三橋先生 「何時に寝て、何時に起きる」というのを自分で決める必要があると思います。

人間の体内時計は24時間より長いので、自然に生活しているとだんだん後ろに生活リズムがずれていくのは当たり前なんですね。体内時計には個人差があります。体内時計が短い人は朝に強いんですけれど、長い人は夜型に特になりやすいんです。

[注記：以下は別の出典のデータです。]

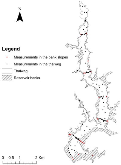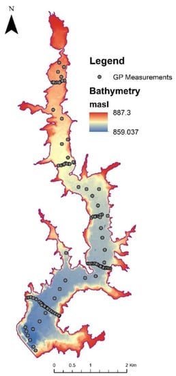For this study, the commercial system GraviProbe (GP) produced by the Belgian company dotOcean (Figure 9) was used. Often, the spatial distribution of sediment thickness in a reservoir can be determined by bathymetric surveys, if precise pre-impoundment bathymetry is available [,,]. Most of the time, this information is missing, and even when it is accessible, often the accuracy of the data does not allow for proper sediment stock estimation. One of the main advantages of the GP is its independence from previous data. The GP can deliver rapid results on penetration depth, cone penetration resistance, and shear strength of the sediment for each deployment. The GP was deployed at 134 points in the Passaúna reservoir (Figure 10). To determine the sediment magnitude, the information from the dynamic cone penetration resistance (DCPR) at some locations in the reservoir was related to the sediment magnitude data from core samples [,]. Characteristic changes in the sediment density/composition were identified and then related to the changes in the DCPR from the GP. The sediment thickness could be derived for all other points, where GP data was available because the relation between DCPR and sediment-pre-impoundment soil interface was established. This was possible due to the fact that the share of sand and coarse particles in the Passaúna sediment is smaller than 5% at most locations and a full penetration could be achieved. From the relation between core samples and GP information, it was observed that a DCPR of 200 kPa is the threshold between the sediment and the pre-impoundment soil. More information about the method can be found in [].

―なるほど。そうなると、僕は体内時計が長い性質なのかもしれませんね。では、自分で体内時計を変えることはできますか?

三橋先生 毎朝リセットするしかないですね。

そのためには、朝決まった時間に起きるというのが大事です。そこがしっかりしていないと、生活リズムがだんだん後ろにずれていきます。そうなると、体温のリズムもずれてしまうんです。

体温と睡眠は密接に関係していて、体温が下がると眠くなるという事実があります。ですから、体温のリズムがずれてしまうと、本来体温が上昇し活動的になる朝にも低体温のままで、起きるのが難しくなります。

そういった夜型の人は、眠りも浅いし、目覚めも悪いということも分かっています。一方、早寝早起きの朝型の人は、寝付くのもいいし、深く眠れるので、朝すっきり起きられるのです。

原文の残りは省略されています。